Marion Tinsley (1927 -1995) - A Checkers Champ
Marion Tinsley is by most accounts, the greatest checkers player that the world has ever known. From 1954–when he was recognized as the World Champion–he has lost only 9 games. In honor of his excellence and numerous contributions to the game, he became known as Dr. Marion Tinsley, following the awarding of the title of World Champion Emeritus.
Marion Tinsley was born on February 3, 1927 in Irontown, Ohio, and had developed an early interest in checkers at a young age. It was said that he discovered the game when he was actually in search of a book on mathematics in his local public library. It was there that he chanced upon two checkers books which were written by Millard Hopper and James Lee. Lee’s book, the now famous Guide to the Game of Checkers, was particularly inspirational to Tinsley, and led to an active checkers career for the young boy.
Much of Tinsley's excellence in the game is attributed to his excellent memory and superior analytical skills. These skills no doubt helped him win virtually every tournament that he played in during his early years. He won the United States Junior Championship in 1947, a victory he secured by beating Maurice Chamblee. The match ended with Tinsley scoring three wins, 25 drawn games, and two losses. Tinsley then went on to win the Tourney Championship of America, which was held at Brownwood, Texas, a victory that was made all the more impressive by the fact that he did not lose a single game.

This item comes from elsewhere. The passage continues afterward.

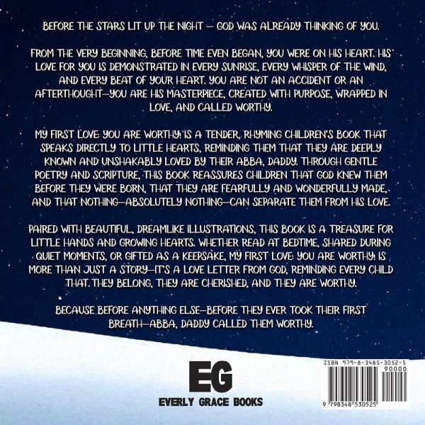 Before the stars lit up the night - God was already thinking of YOU. From the very beginning, before time even began, you were on His heart. His love for you is DEMONSTRATED IN every sunrise, every whisper of the wind, and every beat of your heart. You are not an accident or an afterthought-you are His masterpiece, created with purpose, wrapped in love, and called worthy. My First Love: You Are Worthy! is a tender, rhyming children's book that speaks directly to little hearts, reminding them that they are deeply known and unshakably loved by their Abba, Daddy. Through gentle poetry and scripture, this book reassures children that God knew them before they were born, that they are fearfully and wonderfully made, and that nothing-absolutely nothing-can separate them from His love. Paired with beautiful, dreamlike illustrations, this book is a treasure for little hands and growing hearts. Whether read at bedtime, shared during quiet moments, or gifted as a keepsake, My First Love: You Are Worthy! is more than just a story-it's a love letter from God, reminding every child that they belong, they are cherished, and they are worthy. Because before anything else-before they ever took their first breath-Abba, Daddy called them worthy!

Marion Tinsley began his world domination of checkers with a World Championship match played against Newell Banks. This tournament ended in a three game win for Tinsley, with one loss, and the rest of the games drawn. Tinsley was recognized as the World Champion in 1954 by the American Checker Federation. He later defended his title by winning a match against Walter Hellman of Gary, Indiana. Tinsley again bested the competition in this event, which was held in 1956 at Lakeside, Ohio, and at Peoria, Illinois. The match ended with Tinsley scoring three wins, no losses and 35 drawn games. After later defeating Derek Oldbury with a wide margin of nine wins to one and had 24 drawn games, Tinsley decided to retire from checkers temporarily.
Upon his reentry into the world of checkers, Tinsley played a match against Elbert Lowder, which he won with 15 wins, no losses, and 10 drawn games. This victory cemented Tinsley's domination of the game and assured him a place among the ranks of the best checker players in the world.
Marion Tinsley died on April 3, 1995.